AIM OF THE TASK: Leave every picture out and return the rest of the listing verbatim.

DATASET CONTENT:
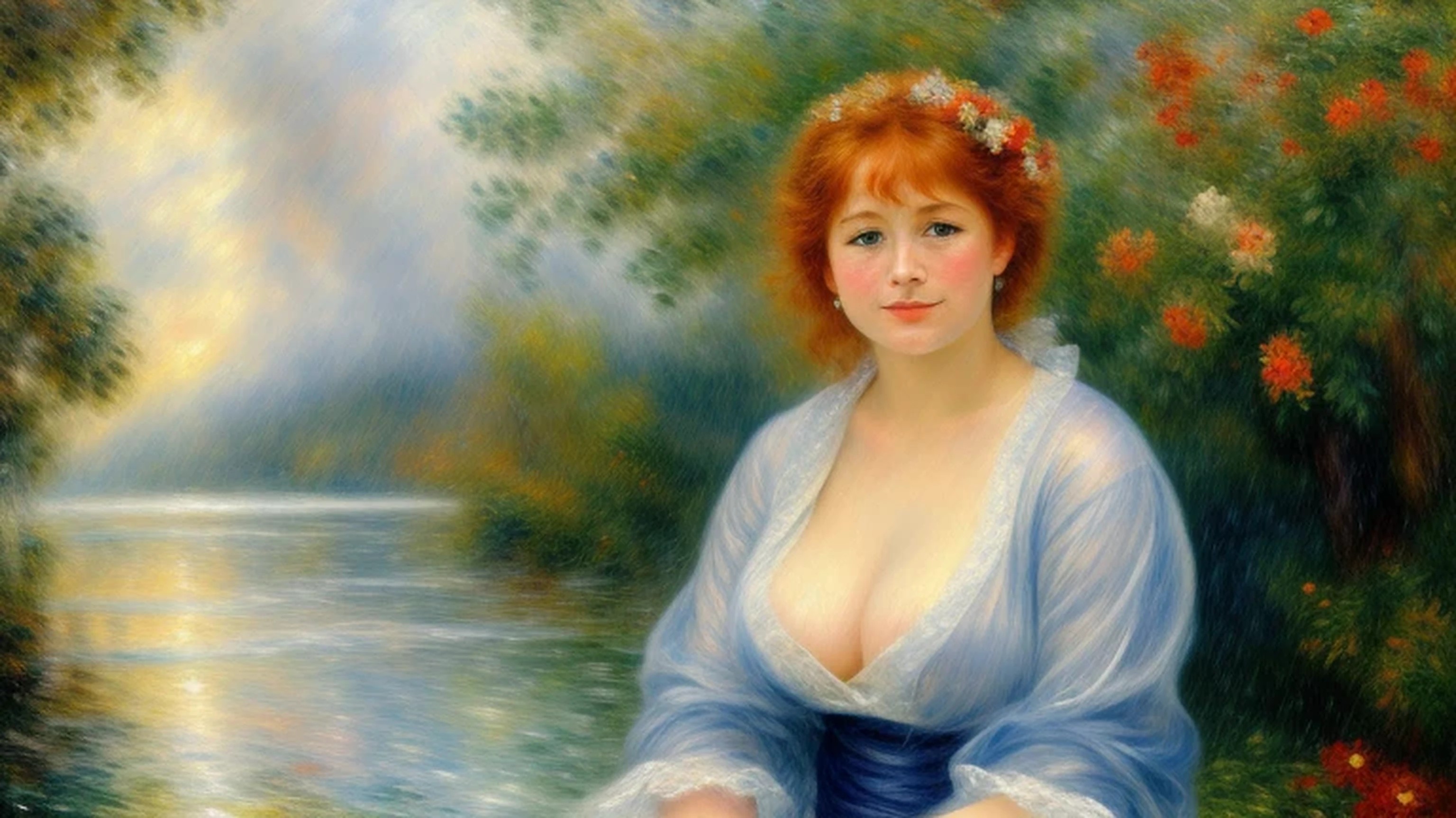 {{{high resolution}}} {{Renoir}} {{oil painting}} (20 years old old woman) (big breast) (running rain Thunder) lake
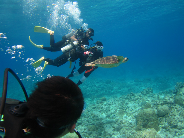 ここでも2チームとも見る事ができ、2本目とは違い人慣れをしているカメだったので、一緒にゆっくりと泳ぐ事が出来ましたね♪
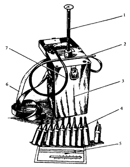 В комплекты индикаторных средств УГ-2 ( рис. 3 ) входят ампулы (5) с индикаторными и поглотительными порошками, необходимыми для изготовления индикаторных трубок (ИТ) и фильтрующих патронов, и принадлежности: трубка стеклянная индикаторная (1), стержень (2), воронка (3), заглушка (5), трубка резиновая (6), ампула НС-1 (7) и штырек (8).
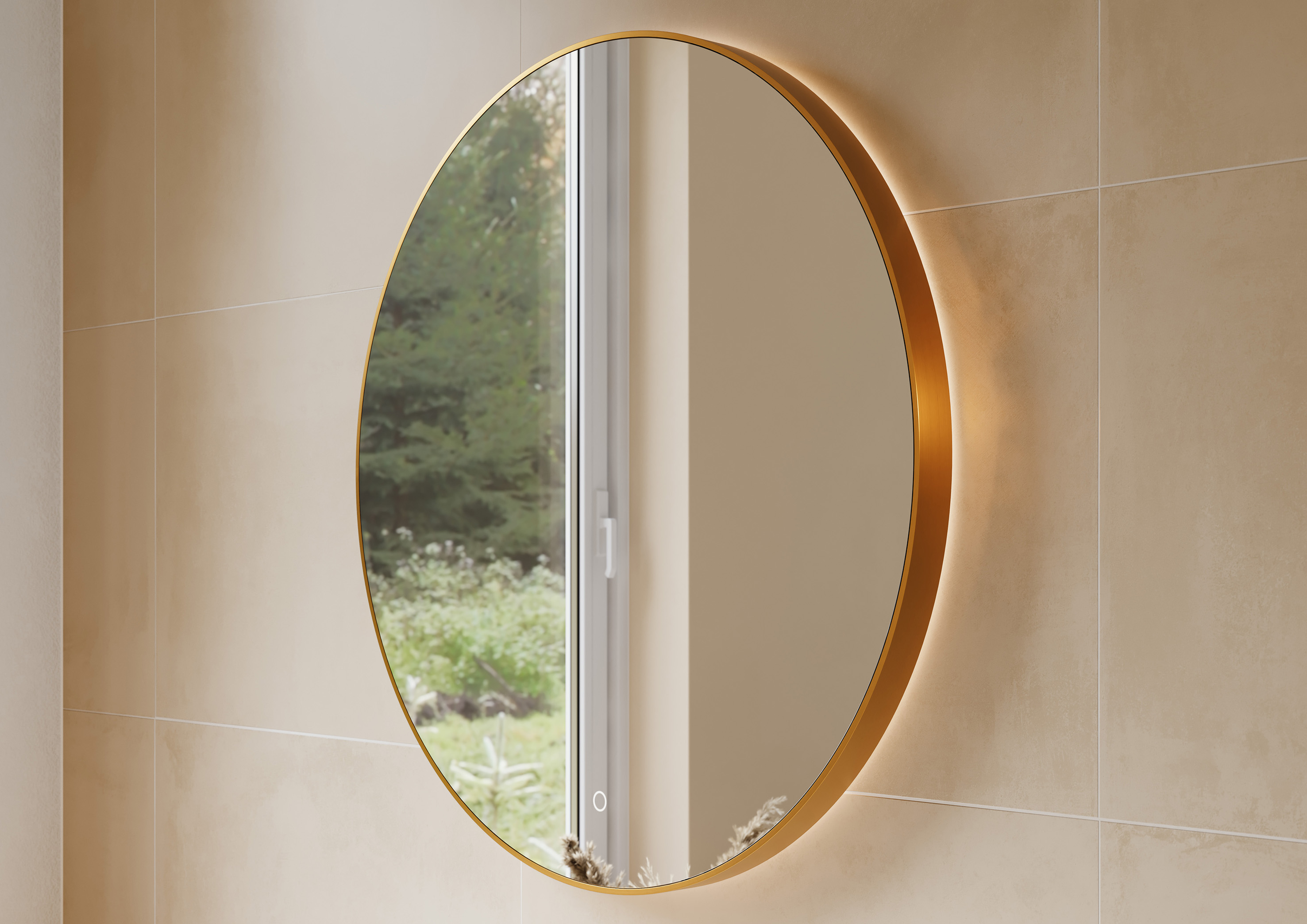 Spiegel Metallic Line Round brushed Copper Ø100cm met led-verlichting + verwarming LoooX

RESPONSE TO THE EXERCISE:
 {{{high resolution}}} {{Renoir}} {{oil painting}} (20 years old old woman) (big breast) (running rain Thunder) lake
 ここでも2チームとも見る事ができ、2本目とは違い人慣れをしているカメだったので、一緒にゆっくりと泳ぐ事が出来ましたね♪
 В комплекты индикаторных средств УГ-2 ( рис. 3 ) входят ампулы (5) с индикаторными и поглотительными порошками, необходимыми для изготовления индикаторных трубок (ИТ) и фильтрующих патронов, и принадлежности: трубка стеклянная индикаторная (1), стержень (2), воронка (3), заглушка (5), трубка резиновая (6), ампула НС-1 (7) и штырек (8).
 Spiegel Metallic Line Round brushed Copper Ø100cm met led-verlichting + verwarming LoooX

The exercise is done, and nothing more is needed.